Data extract:
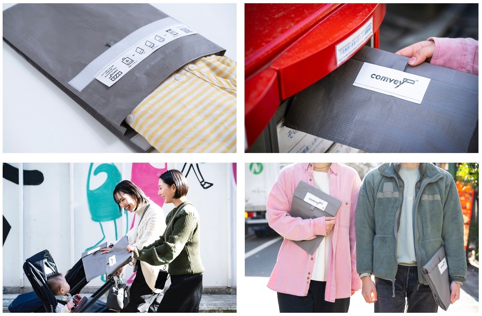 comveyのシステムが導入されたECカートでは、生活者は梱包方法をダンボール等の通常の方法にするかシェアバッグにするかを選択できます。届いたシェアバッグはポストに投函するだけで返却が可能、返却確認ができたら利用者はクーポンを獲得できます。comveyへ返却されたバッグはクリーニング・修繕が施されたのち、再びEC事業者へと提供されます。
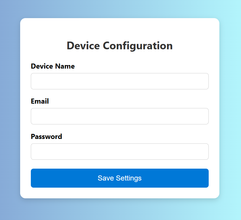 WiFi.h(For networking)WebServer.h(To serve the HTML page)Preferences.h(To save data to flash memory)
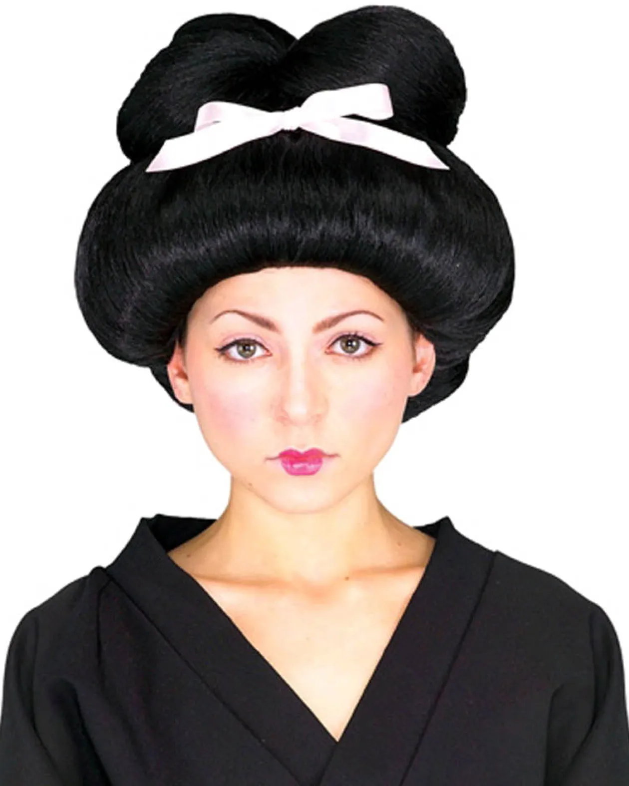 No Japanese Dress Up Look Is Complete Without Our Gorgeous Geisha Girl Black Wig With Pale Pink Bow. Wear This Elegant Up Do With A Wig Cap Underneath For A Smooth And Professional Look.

...

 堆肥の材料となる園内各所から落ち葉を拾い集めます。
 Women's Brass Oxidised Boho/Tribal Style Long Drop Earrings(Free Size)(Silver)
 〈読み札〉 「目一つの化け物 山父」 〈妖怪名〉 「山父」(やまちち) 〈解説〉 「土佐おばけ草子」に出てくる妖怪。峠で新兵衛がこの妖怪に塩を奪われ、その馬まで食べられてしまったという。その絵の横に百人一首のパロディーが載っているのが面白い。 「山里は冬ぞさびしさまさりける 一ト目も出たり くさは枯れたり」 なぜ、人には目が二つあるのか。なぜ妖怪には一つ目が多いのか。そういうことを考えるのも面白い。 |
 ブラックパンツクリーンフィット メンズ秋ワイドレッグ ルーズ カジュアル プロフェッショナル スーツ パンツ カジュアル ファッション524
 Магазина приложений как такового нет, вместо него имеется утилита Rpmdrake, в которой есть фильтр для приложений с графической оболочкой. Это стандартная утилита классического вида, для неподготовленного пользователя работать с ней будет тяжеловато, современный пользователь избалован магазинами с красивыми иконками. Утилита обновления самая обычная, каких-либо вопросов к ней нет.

---

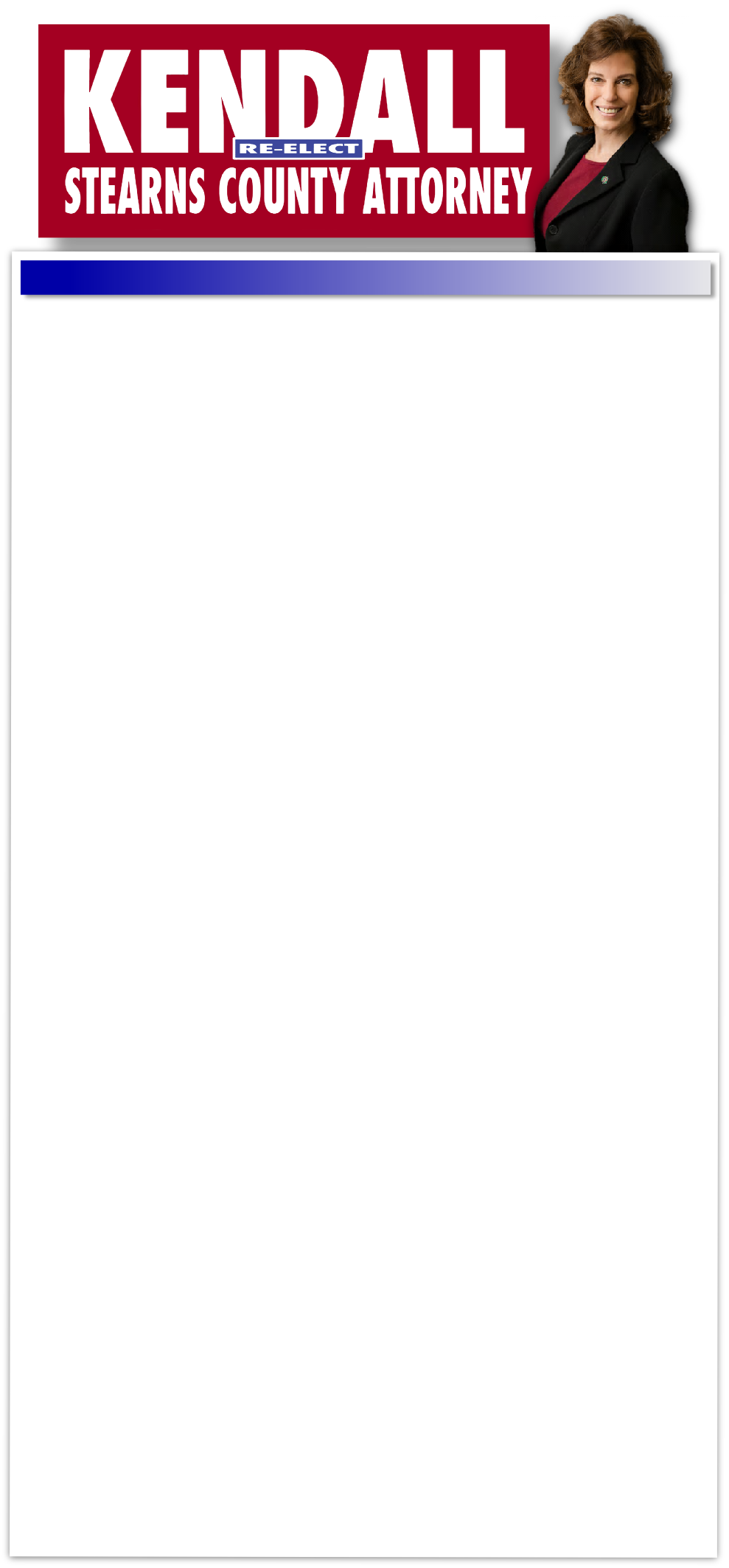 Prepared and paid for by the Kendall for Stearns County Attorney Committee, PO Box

Problem to solve: For this exercise, reproduce exactly the lines of the records above from the one with "comveyのシステムが導入" up to and including the one with "No Japanese Dress", without pictures.

Answer to the exercise:
 comveyのシステムが導入されたECカートでは、生活者は梱包方法をダンボール等の通常の方法にするかシェアバッグにするかを選択できます。届いたシェアバッグはポストに投函するだけで返却が可能、返却確認ができたら利用者はクーポンを獲得できます。comveyへ返却されたバッグはクリーニング・修繕が施されたのち、再びEC事業者へと提供されます。
 WiFi.h(For networking)WebServer.h(To serve the HTML page)Preferences.h(To save data to flash memory)
 No Japanese Dress Up Look Is Complete Without Our Gorgeous Geisha Girl Black Wig With Pale Pink Bow. Wear This Elegant Up Do With A Wig Cap Underneath For A Smooth And Professional Look.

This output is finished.